Records to use:
———

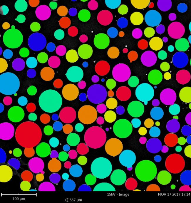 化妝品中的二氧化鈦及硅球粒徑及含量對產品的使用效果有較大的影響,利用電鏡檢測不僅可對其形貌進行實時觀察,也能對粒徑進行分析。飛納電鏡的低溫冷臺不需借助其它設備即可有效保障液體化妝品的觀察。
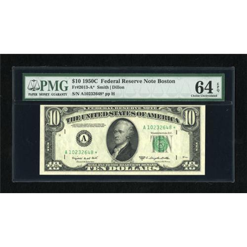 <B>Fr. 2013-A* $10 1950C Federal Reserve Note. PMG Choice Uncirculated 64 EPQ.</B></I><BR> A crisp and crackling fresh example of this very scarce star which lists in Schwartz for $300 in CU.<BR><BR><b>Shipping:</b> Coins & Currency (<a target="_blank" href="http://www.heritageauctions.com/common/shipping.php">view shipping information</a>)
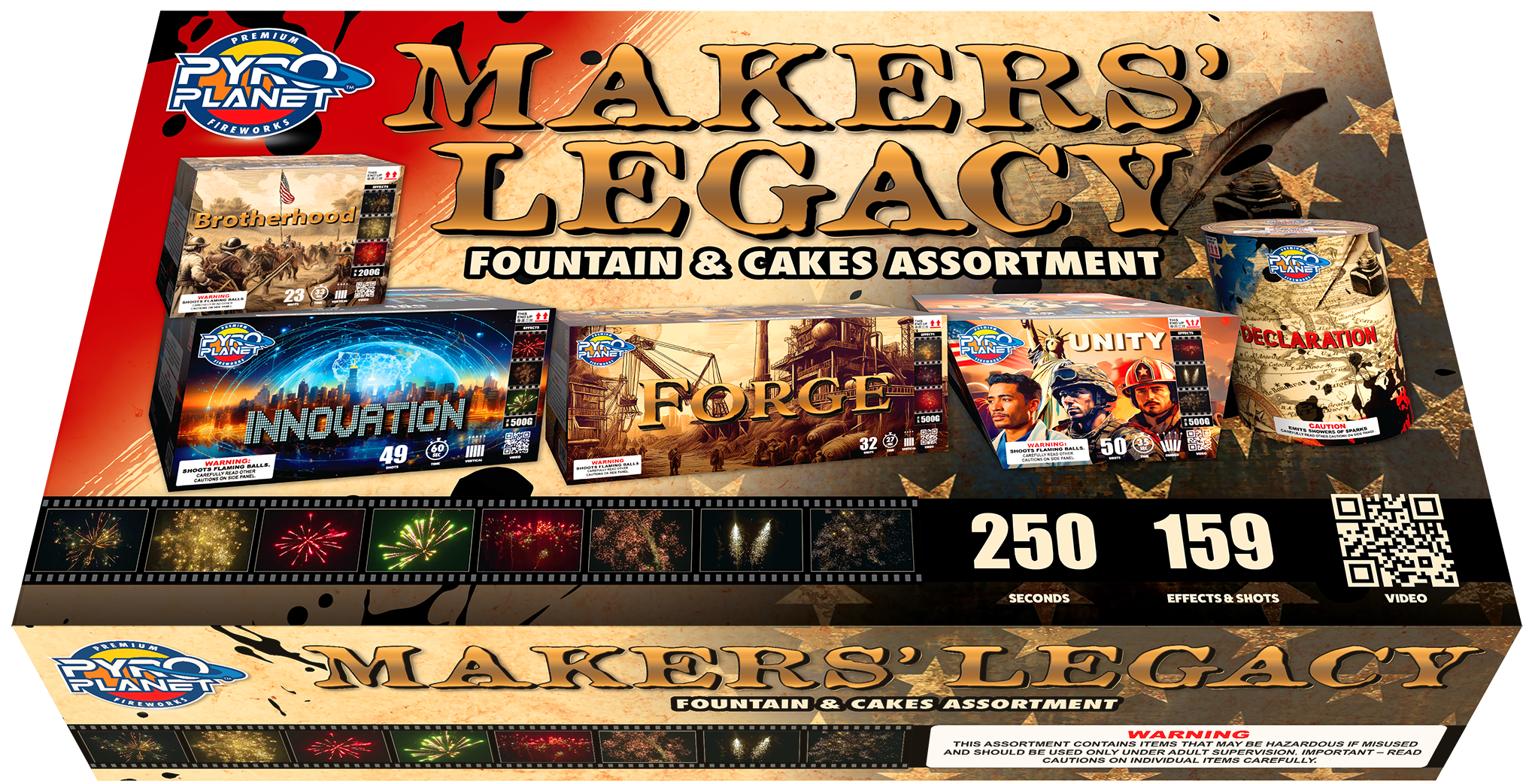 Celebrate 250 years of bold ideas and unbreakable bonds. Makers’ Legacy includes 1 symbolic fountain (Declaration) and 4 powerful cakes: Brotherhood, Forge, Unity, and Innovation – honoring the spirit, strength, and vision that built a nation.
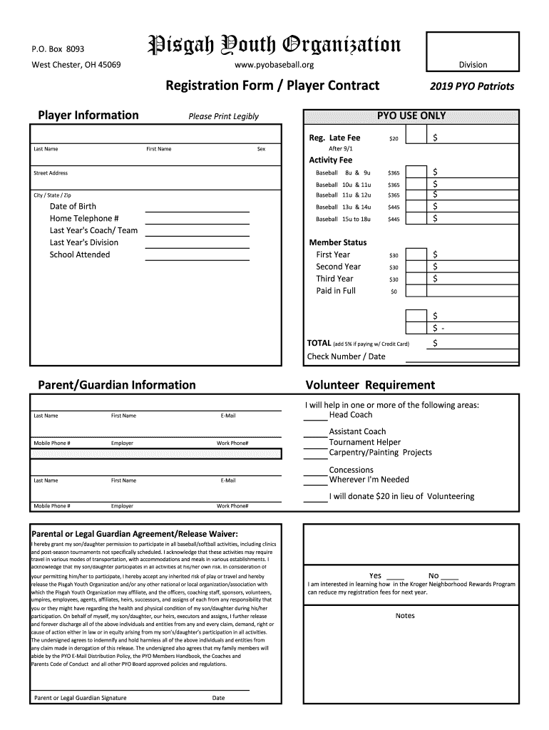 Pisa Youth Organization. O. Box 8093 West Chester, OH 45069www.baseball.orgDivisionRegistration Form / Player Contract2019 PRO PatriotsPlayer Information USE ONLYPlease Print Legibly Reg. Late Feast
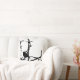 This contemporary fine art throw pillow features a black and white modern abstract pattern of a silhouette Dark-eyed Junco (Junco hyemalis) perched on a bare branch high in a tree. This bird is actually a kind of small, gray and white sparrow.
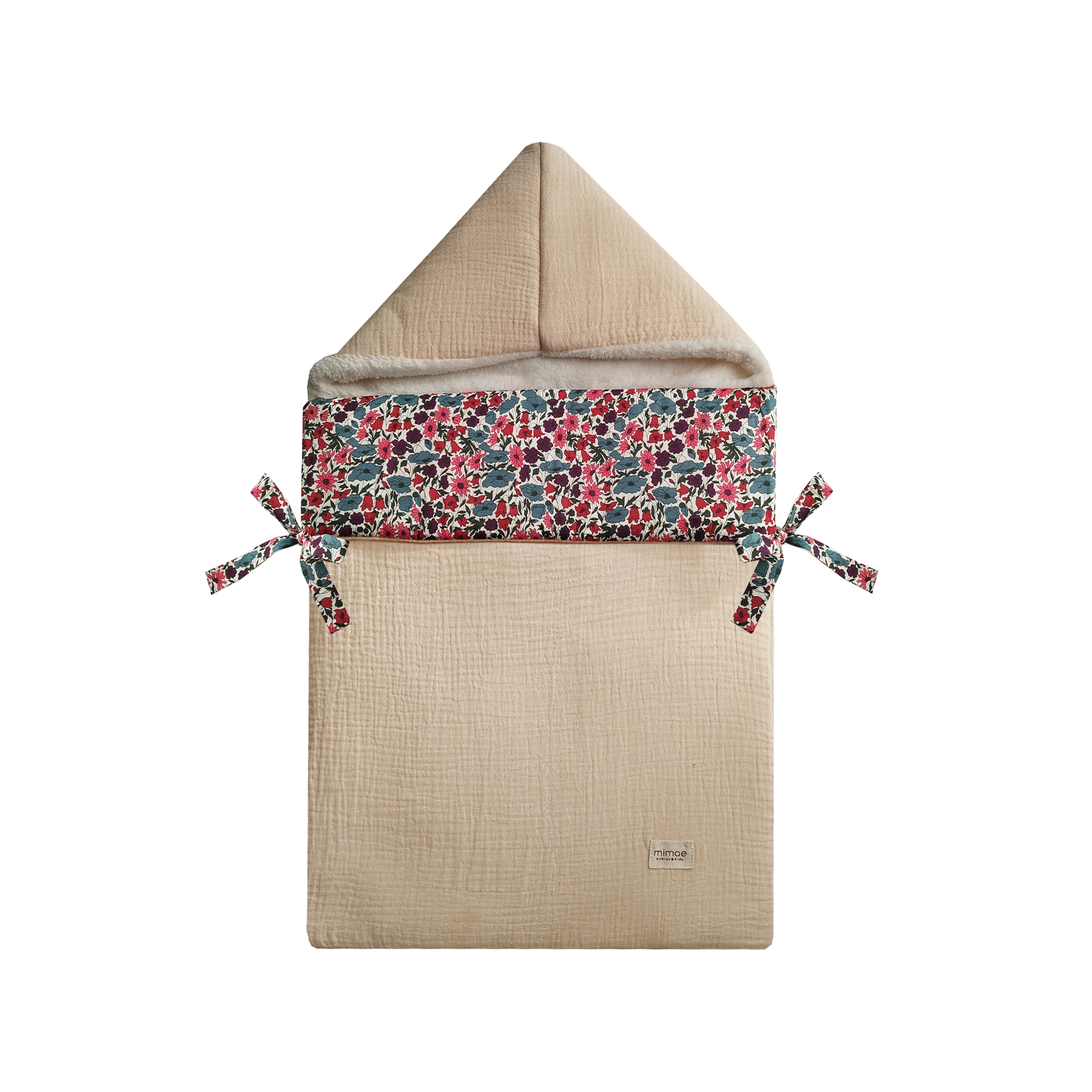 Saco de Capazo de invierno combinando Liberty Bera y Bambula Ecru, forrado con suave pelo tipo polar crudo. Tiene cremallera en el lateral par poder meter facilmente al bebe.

———

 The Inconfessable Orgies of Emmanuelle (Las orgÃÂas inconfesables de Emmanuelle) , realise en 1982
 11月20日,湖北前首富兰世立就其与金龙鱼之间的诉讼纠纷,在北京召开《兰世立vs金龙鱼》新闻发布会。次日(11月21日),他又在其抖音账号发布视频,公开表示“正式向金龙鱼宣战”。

———

A verbatim transcription is needed of the lines above, starting at the line with "The Inconfessable Orgies" and ending at the line with "11月20日,湖北前首富兰世", both included, and of nothing else.

 The Inconfessable Orgies of Emmanuelle (Las orgÃÂas inconfesables de Emmanuelle) , realise en 1982
 11月20日,湖北前首富兰世立就其与金龙鱼之间的诉讼纠纷,在北京召开《兰世立vs金龙鱼》新闻发布会。次日(11月21日),他又在其抖音账号发布视频,公开表示“正式向金龙鱼宣战”。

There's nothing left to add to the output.